# Barking Schnauzer



## jamiesalisbury (Aug 15, 2008)

Hi 

We have a 8 month old miniature schnauzer. Due to our different work schedules (my wife has a 9-5, I'm a musician working late nights) Lou leaves for work around 8am and I sleep till 10am. Unfortunately every morning when Lou leaves for work, Herbie barks at the door for between 20-40 mins, which is driving me mad. She's been leaving a treat when she leaves, including a kong toy stuffed with goodies, and sometimes his entire breakfast in a ball with a hole in it, as well as bits of dried jerky etc.

I sleep two floors up, so he doesn't seem to hear me when I've tried telling him to stop - and when occasionally he has acknowledged me he stops for 2 minutes and then starts again. 

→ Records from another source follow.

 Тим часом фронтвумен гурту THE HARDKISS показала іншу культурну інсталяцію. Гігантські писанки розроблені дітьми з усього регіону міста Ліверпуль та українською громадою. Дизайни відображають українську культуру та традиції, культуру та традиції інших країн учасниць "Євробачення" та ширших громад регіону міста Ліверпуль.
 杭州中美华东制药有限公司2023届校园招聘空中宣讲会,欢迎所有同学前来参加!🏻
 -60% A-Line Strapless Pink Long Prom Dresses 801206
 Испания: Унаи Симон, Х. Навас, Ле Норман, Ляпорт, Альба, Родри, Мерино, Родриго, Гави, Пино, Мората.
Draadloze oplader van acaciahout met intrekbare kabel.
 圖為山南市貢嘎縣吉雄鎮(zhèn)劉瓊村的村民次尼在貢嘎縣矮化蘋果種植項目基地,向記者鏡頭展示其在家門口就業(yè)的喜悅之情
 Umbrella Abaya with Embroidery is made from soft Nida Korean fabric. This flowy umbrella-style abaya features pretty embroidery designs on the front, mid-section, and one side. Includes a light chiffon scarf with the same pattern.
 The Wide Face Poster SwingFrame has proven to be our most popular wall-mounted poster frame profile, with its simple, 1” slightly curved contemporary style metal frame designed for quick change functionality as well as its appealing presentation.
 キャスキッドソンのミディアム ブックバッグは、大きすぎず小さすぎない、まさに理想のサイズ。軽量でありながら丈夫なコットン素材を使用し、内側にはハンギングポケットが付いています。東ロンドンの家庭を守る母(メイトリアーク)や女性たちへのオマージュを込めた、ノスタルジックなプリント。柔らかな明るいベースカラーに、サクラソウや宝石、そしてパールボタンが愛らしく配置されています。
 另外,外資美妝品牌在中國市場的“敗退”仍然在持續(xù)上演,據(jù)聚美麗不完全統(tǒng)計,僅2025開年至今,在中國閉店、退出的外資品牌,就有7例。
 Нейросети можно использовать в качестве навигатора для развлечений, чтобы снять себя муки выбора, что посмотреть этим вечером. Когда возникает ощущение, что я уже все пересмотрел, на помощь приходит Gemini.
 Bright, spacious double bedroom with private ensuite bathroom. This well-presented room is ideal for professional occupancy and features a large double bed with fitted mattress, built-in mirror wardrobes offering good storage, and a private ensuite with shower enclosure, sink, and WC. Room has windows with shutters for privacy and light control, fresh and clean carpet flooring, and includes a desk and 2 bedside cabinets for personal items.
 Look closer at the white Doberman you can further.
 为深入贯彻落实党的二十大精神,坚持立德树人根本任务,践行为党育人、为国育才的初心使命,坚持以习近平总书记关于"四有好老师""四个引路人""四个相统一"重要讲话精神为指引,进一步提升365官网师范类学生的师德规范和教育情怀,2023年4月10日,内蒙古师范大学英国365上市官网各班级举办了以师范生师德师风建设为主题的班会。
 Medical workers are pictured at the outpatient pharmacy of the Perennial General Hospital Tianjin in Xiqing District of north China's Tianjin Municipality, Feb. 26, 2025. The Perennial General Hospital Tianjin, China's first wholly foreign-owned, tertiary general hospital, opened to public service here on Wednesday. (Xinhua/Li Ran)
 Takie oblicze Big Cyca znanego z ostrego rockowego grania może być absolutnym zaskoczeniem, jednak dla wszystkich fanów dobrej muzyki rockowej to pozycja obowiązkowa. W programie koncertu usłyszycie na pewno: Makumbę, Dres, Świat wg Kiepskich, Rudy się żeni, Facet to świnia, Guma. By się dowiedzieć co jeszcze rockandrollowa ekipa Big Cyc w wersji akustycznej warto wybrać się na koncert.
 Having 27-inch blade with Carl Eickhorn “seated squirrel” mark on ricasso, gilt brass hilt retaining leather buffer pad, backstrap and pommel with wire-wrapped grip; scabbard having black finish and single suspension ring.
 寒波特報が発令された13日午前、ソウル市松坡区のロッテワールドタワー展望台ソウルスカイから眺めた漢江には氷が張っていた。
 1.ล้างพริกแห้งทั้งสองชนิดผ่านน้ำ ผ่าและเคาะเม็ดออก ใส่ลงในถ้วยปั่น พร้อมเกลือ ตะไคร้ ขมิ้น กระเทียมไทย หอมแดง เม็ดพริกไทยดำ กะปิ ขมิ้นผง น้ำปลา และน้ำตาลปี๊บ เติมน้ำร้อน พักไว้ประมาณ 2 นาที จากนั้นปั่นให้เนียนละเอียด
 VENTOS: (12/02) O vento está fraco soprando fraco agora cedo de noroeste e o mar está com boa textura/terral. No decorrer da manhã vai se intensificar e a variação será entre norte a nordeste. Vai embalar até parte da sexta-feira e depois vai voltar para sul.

The barking starts with woofing, and progresses onto howling.

He gets a decent amount of exercise, including a walk in the morning before Lou leaves, which doesn't seem to make any difference. 

I haven't had 8 hours sleep for weeks so I'd really appreciate some help with this!!

Many thanks in advance

Jamie


----------



## Guest (Oct 2, 2008)

jamiesalisbury said:


> Hi
> 
> We have a 8 month old miniature schnauzer. Due to our different work schedules (my wife has a 9-5, I'm a musician working late nights) Lou leaves for work around 8am and I sleep till 10am. Unfortunately every morning when Lou leaves for work, Herbie barks at the door for between 20-40 mins, which is driving me mad. She's been leaving a treat when she leaves, including a kong toy stuffed with goodies, and sometimes his entire breakfast in a ball with a hole in it, as well as bits of dried jerky etc.
> 
> ...


Have the dog upstairs in bed with ya. He can snuggle up to ya.


----------



## widgetdog35 (Apr 25, 2008)

It sounds like your dog is very attached to your wife, basicly you need to make the dog less dependant on her and look at the routine, to do this you may need to take over some of the feeding, walking and play with the dog or swap who does what.
as i don't know who does what its hard to give exact advice, i would read the dogs mind by bruce fogle he is a vet and explains how the dogs brain works it also has a bit in it about separation anxiety.
Then sit down with your wife and try and work out a action plan.
Sorry i cannot be more helpfull and good luck hope you get some sleep soon


----------



## jamiesalisbury (Aug 15, 2008)

Thats not it actually - he barks when I leave the house during the day as well. And I spend a lot more time with him than Lou does. So I guess separation anxiety is the problem.


----------



## shadowtime (Dec 18, 2008)

Hi there,

You may find this interesting www.squidoo/barking-dogs it has certainly worked for us.

Cheers,
shadowtime


----------



## vidave (Dec 20, 2008)

Hi,

When I was at uni., my landlady used to leave early in the morning. She left both my breakfast and the dog. The dog in the garden, fortunately my breakfast in the kitchen!
The thing is, poor old Wicky, a Springer Spaniel, used to bark away at the door all the time I was making my breakfast.
Nothing seemed to work to stop him until she tried the following program. After that, you wouldn't even know there was a dog there. So it might work for you.


----------



## lisaandmargo (Oct 8, 2008)

I think we all comeon here for friendly but FREE advice.
I personally hate those lnks promising to help you solve your problems and then you have to PAY for the privilage. In my experience you may as well buy a book..or just come on here and ask the many experts.
Interesting that poster only had one post and the link was selling something.....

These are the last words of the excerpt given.